Clin Exp Med. 2012 Mar;12(1):31-7. doi: 10.1007/s10238-011-0139-4. Epub 2011 May 24.
Upon CNS injury, adenosine-5'-triphosphate is released and acts on P2X7 receptors, which might influence many cytokines secretion from glial cells and, in turn, affects the survival of neurons. Propofol, an intravenous anesthetic, has been shown to provide neuroprotective effect. However, the effect of propofol on astrocyte-associated processes remains to be clarified. In this study, we investigated the effects of propofol on P2X7 activity in astrocytes and tumor necrosis factor-α (TNF-α) secretion from these cells and thereby to infer the possible role(s) of glial P2X7 receptors in propofol neural protective effects. Whole-cell patch clamp results showed that in clinically relevant concentrations (3.3, 10 or 33 μM), propofol increased the P2X7 current amplitudes significantly and propofol in 10 μM extended the inactivation times of P2X7 receptors. Enzyme-linked immunosorbent assay showed that propofol increased the secretion of TNF-α from astrocytes in high concentration (300 μM), while inhibited in clinically relevant concentration (10 μM). Both of these effects were not influenced by Brilliant blue G. These results suggest that in clinically relevant concentrations, propofol increases the activity of P2X7 receptors in activated astrocytes, but this does not contribute to the downregulation of the secretion of TNF-α.

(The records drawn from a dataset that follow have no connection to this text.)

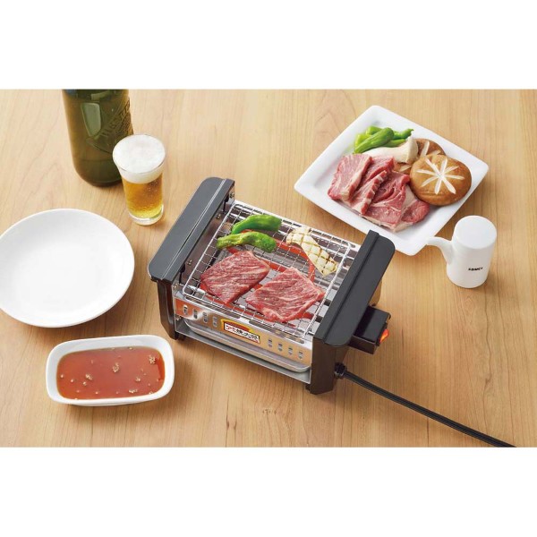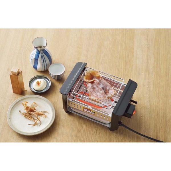 内容:本体:フェノール樹脂・鉄、網:鉄(クロムメッキ)、油受けトレイ:鉄、コードの長さ:約1.5m、AC100V/650W、50/60Hz、付属品:油受けトレイ・焼き網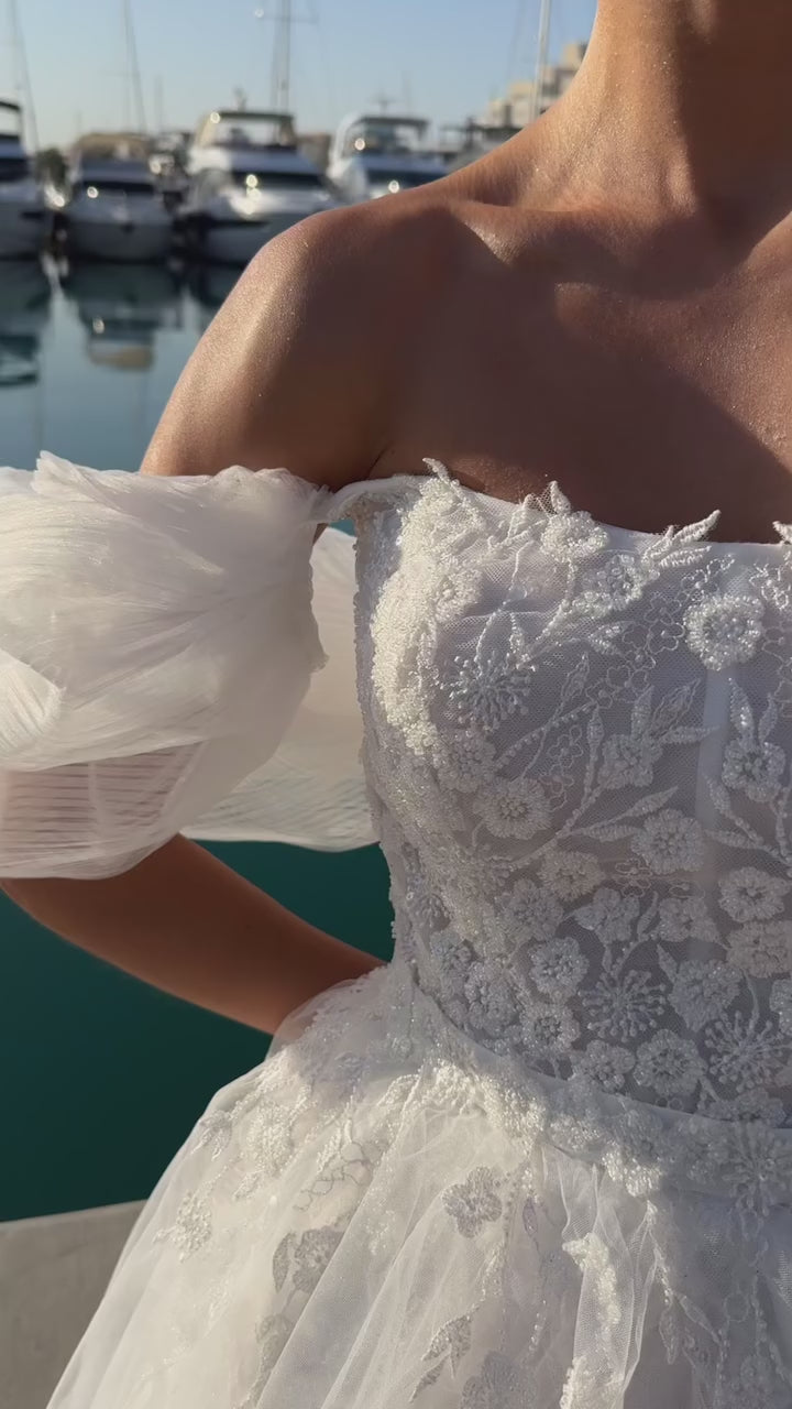 Turn heads in the ALEXIA Dress — a bold and romantic bridal statement.Crafted for confident brides who love both elegance and edge, this off-shoulder stunner features voluminous puff sleeves, a fitted lace bodice, and a dramatic detachable tulle overskirt that flows with every step. The modern mini silhouette paired with ethereal textures creates a fashion-forward look perfect for seaside vows, sunset receptions, or glamorous city weddings.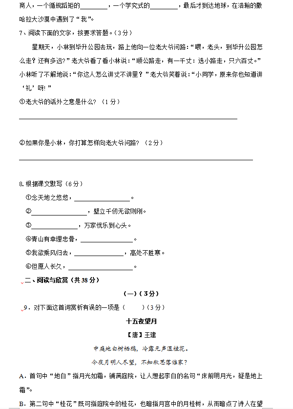 無錫宜興官林學區2016-2017學年初一上期中語文試題(2)
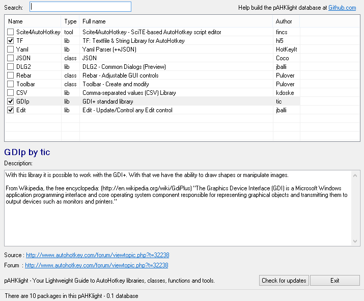 As a reminder (for yourself) you can tick the checkbox in front of a package if you use it. It will remember that for the next time you start pAHKlight so you can quickly see which package(s) you are already using.

中枢神经系统损伤后,三磷酸腺苷(adenosine-5'-triphosphate)被释放并作用于 P2X7 受体,这可能影响胶质细胞中许多细胞因子的分泌,进而影响神经元的存活。丙泊酚是一种静脉麻醉剂,已被证明具有神经保护作用。然而,丙泊酚对星形胶质细胞相关过程的影响仍有待阐明。在这项研究中,我们研究了丙泊酚对星形胶质细胞中 P2X7 活性和这些细胞中肿瘤坏死因子-α(TNF-α)分泌的影响,从而推断出神经保护作用中可能涉及的胶质细胞 P2X7 受体的作用。全细胞膜片钳结果表明,在临床相关浓度(3.3、10 或 33μM)下,丙泊酚显著增加 P2X7 电流幅度,丙泊酚在 10μM 时延长 P2X7 受体的失活时间。酶联免疫吸附试验表明,丙泊酚在高浓度(300μM)下增加星形胶质细胞中 TNF-α的分泌,而在临床相关浓度(10μM)下抑制其分泌。这两种作用均不受亮蓝 G 的影响。这些结果表明,在临床相关浓度下,丙泊酚增加了激活星形胶质细胞中 P2X7 受体的活性,但这并不有助于下调 TNF-α的分泌。